COLUMBUS — Buried deep within the 2,700-plus pages of House Bill 64, Ohio’s “main operating budget” introduced Feb. 11, is wording that some landowners feel could significantly impact existing gas and oil leases.
Currently, Ohio Revised Code 1509.28 permits the Ohio Department of Natural Resources to grant unitization by owners of drilling rights on land overlying a defined pull of oil and gas — essentially granting authority to force unleased landowners to participate in a unit with majority working interest owners.
Youngstown attorney Alan D. Wenger, of the law firm of Harrington, Hoppe and Mitchell, said the existing unitization law is ambiguous, with regard to property owners who have existing leases.
The newly proposed language in H.B. 64, he said, attempts to clear that up, but not necessarily in an equitable manner.
“The new provision says that if an applicant for unitization has not reached a voluntary agreement with a mineral rights owner as to the proposed unit, the rights owner — apparently under lease or not — ‘shall be considered an unleased mineral rights owner’,” Wenger wrote in a March 8 blog post.
Wenger told Farm and Dairy that recent cases involving landowners he has represented in court have increased his concern.
“What I don’t want to see is leases ultimately being amended and the (property owner) not being able to do anything about it,” Wenger said.
During a court case the law firm had late last year with Gulfport, the director of the Ohio Department of Natural Resources put in an order that reflected each unit be treated as unleased — and said nothing about the leased landowners. “We are appealing that.”

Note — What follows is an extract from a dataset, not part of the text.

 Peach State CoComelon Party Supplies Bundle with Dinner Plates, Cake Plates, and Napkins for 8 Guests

Ohio’s unitization statute went into effect in 1965. Similar to forced pooling, where a single well is being drilled, unitization instead involves a large pool of oil and gas, oftentimes over several hundred acres.
“Unitization is an old law, but it was only used two times between 1965 and 2011,” Wenger said. “When unitization came about, there were fewer deep wells and most were on around 40 acres. Now it is not uncommon to have 1,200 acres.”

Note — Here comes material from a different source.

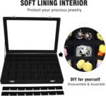 Velvet Jewelry Tray 48 Compartments Jewelry Display Organizer with Transparent Cover Rings, Earrings, Necklaces, Pendants Storage Box for Girls, Wives, Mothers, Women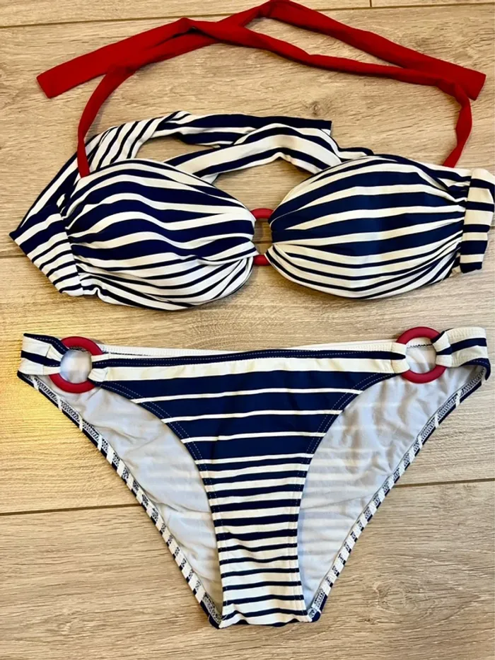 Joli maillot de bain 40 marine avec pointe de rouge Bretelles amovibles Acheté 59€ Très bon état #maillotdebain40 #etetaille40 #bathingsuit #kiwisaintropez #sainttropez #bananamoon

Wenger said the current unitization statute does not address situations in which an existing lease restricts a drilling unit size, in conflict with the unitization being applied for.
Wenger said there are a number of rules with forced pooling, which is addressed in ORC 1509.27 — “it gives the recalcitrant owner a 12.5 percent royalty, they get a working interest after (the oil and gas company’s) full investment, and there is language stating the surface cannot be touched.”
“But unitization always has been a question mark. Up until now, the company had to come to the lessor, hat in hand, and re-negotiate.”
If H.B. 64 is passed as is, Wenger said, all non-conforming leases would be treated like a whole new lease, which creates “a question of the legality of ignoring a valid lease,” he said.
Wenger said unitization is a “good, prudent concept,” but landowners’ rights must not be overlooked.
“I represent a number of landowners and most don’t have a problem with (unitization),” he said. “But they want at least the same royalty as others are getting. That lease was negotiated in good faith and should not be arbitrarily changed by the ODNR.
“Property owners with existing leases should be given due process and, for example, get the same benefits new leases are getting in terms of royalty levels and up front bonuses.”
Other components of the state’s unitization statute are being addressed in H.B. 8, which was passed by the House and is now headed to a Senate vote.
H.B. 8 establishes a timetable by which the ODNR must make a decision on unitization applications. A hearing must be held within 45 days of an application, and a decision rendered within 30 days after the hearing.
The bill also gives the ODNR authority to grant unit rights on Ohio Department of Transportation-owned properties.